____ Available data

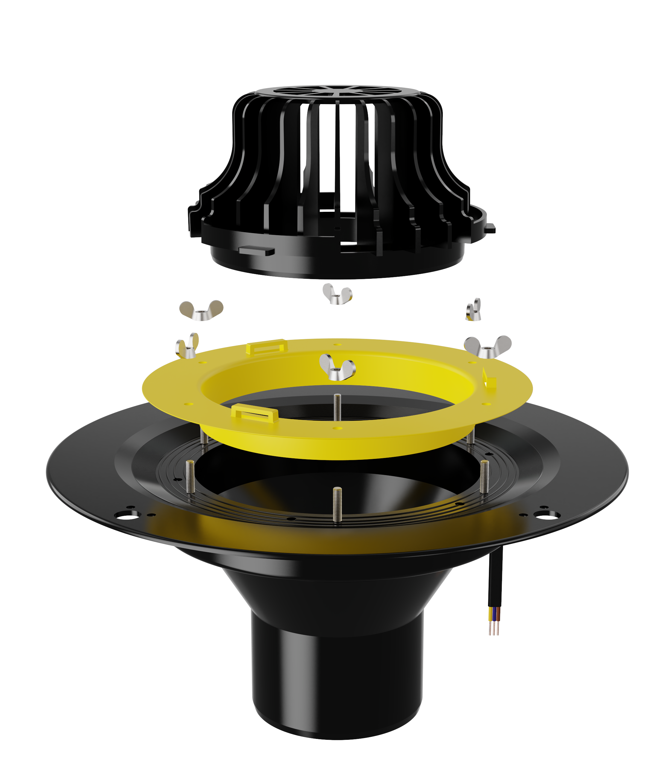Листвоуловитель, Фланец металлический, Комплект крепежа, Основание воронки, Нагревательный элемент
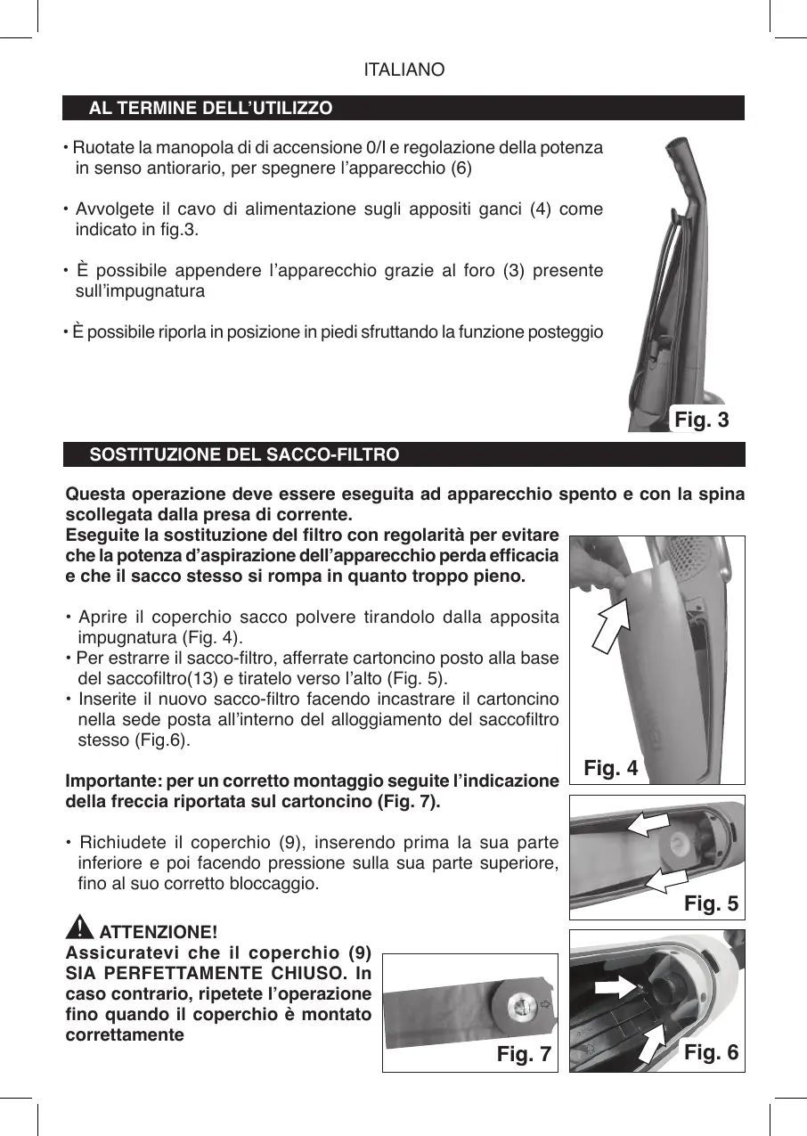 del saccoltro(13) e tiratelo verso l’alto (Fig. 5).
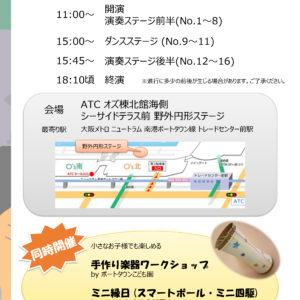 咲洲地区の学生、生徒、社会人が、吹奏楽、バンドなど、様々なスタイルで音楽を奏でます。皆さんのご家族やお友達、同僚が出演してるかも? 老若男女、どなたでも楽しんでいただけます。一緒に音楽で咲洲を盛り上げましょう♪
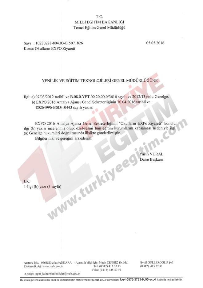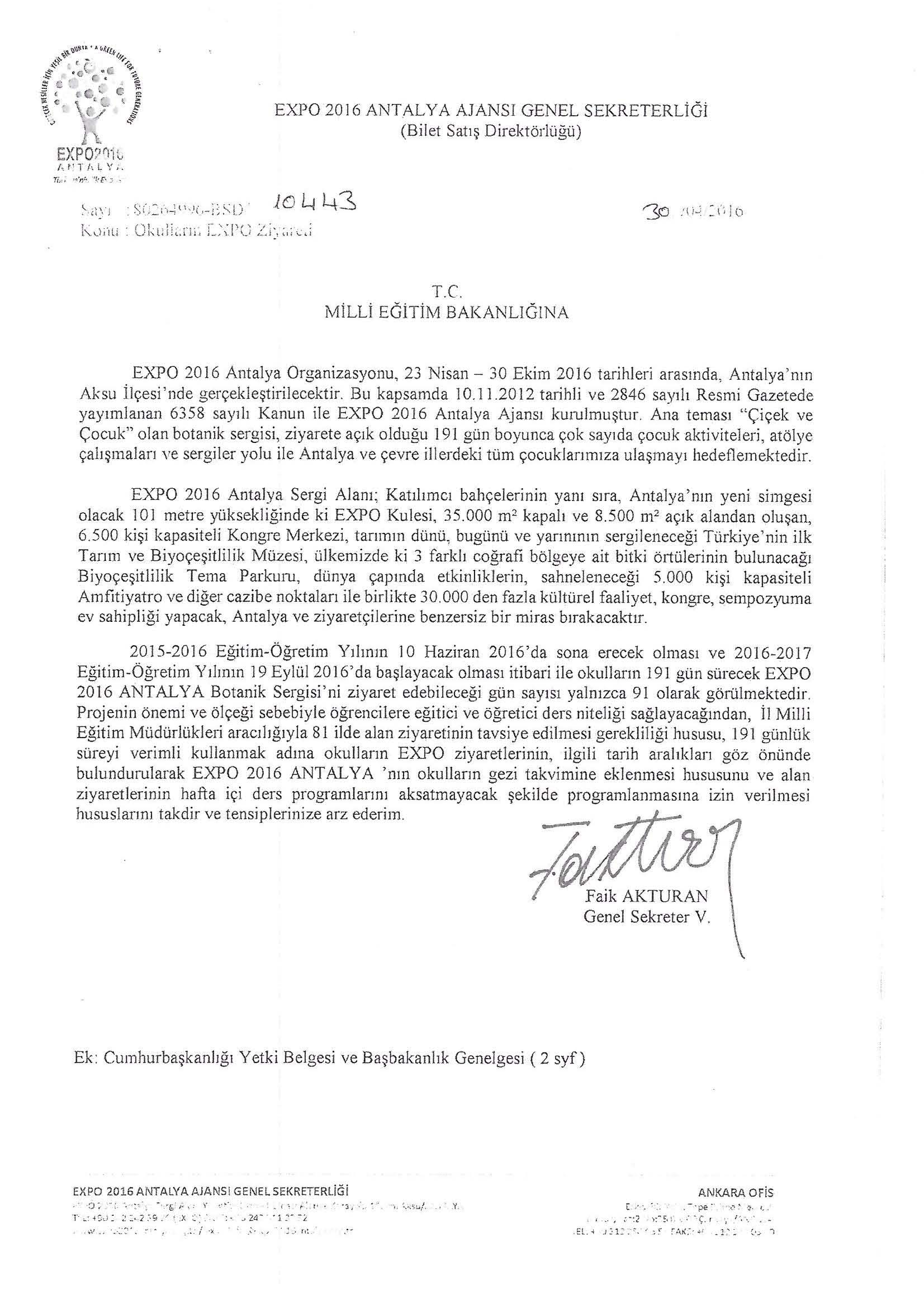 MEB'in EXP0 2016 Antalya Ajansı Genel Sekreterliğinin "Okulların EXPo Ziyareti" konulu yazısı

________

Would you restate word for word each line from the one that holds "del saccoltro(13) e" to the end of the material, both ends included, without the pictures?

 del saccoltro(13) e tiratelo verso l’alto (Fig. 5).
 咲洲地区の学生、生徒、社会人が、吹奏楽、バンドなど、様々なスタイルで音楽を奏でます。皆さんのご家族やお友達、同僚が出演してるかも? 老若男女、どなたでも楽しんでいただけます。一緒に音楽で咲洲を盛り上げましょう♪
 MEB'in EXP0 2016 Antalya Ajansı Genel Sekreterliğinin "Okulların EXPo Ziyareti" konulu yazısı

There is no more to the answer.